Exercise directions – An exact reproduction of the lines below, from the first through the one with "Interesting little spot", is the whole answer; pictures have no place in it.

Exercise data –
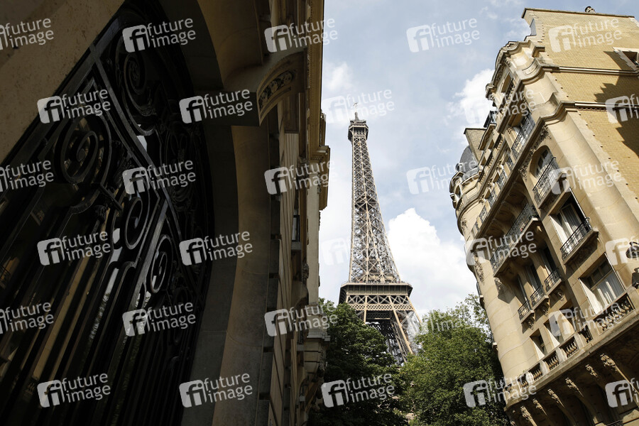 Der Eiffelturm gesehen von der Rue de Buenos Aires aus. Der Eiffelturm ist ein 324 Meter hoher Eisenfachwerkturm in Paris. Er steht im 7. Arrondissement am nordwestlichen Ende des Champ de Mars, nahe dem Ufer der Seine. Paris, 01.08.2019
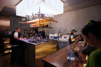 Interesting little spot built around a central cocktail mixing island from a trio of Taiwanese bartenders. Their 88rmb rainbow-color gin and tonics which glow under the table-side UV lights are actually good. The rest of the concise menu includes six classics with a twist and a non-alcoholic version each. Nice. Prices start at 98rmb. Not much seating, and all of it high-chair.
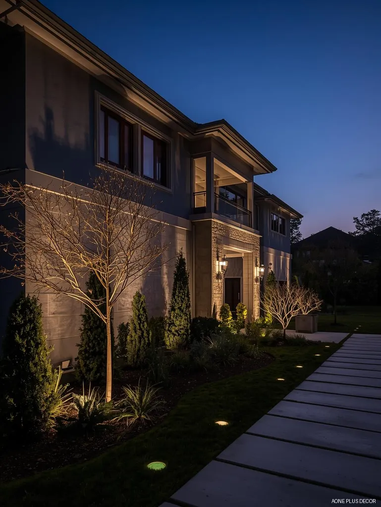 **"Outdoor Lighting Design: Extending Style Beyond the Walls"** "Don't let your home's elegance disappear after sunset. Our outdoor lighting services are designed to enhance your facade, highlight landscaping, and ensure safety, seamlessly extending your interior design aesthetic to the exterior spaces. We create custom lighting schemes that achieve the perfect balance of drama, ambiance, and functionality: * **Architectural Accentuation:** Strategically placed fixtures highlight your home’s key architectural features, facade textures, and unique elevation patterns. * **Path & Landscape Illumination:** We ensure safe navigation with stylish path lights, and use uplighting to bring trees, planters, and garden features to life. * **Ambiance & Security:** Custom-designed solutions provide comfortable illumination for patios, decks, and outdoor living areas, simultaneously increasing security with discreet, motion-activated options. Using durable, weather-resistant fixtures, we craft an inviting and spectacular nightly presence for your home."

Response to the task –
 Der Eiffelturm gesehen von der Rue de Buenos Aires aus. Der Eiffelturm ist ein 324 Meter hoher Eisenfachwerkturm in Paris. Er steht im 7. Arrondissement am nordwestlichen Ende des Champ de Mars, nahe dem Ufer der Seine. Paris, 01.08.2019
 Interesting little spot built around a central cocktail mixing island from a trio of Taiwanese bartenders. Their 88rmb rainbow-color gin and tonics which glow under the table-side UV lights are actually good. The rest of the concise menu includes six classics with a twist and a non-alcoholic version each. Nice. Prices start at 98rmb. Not much seating, and all of it high-chair.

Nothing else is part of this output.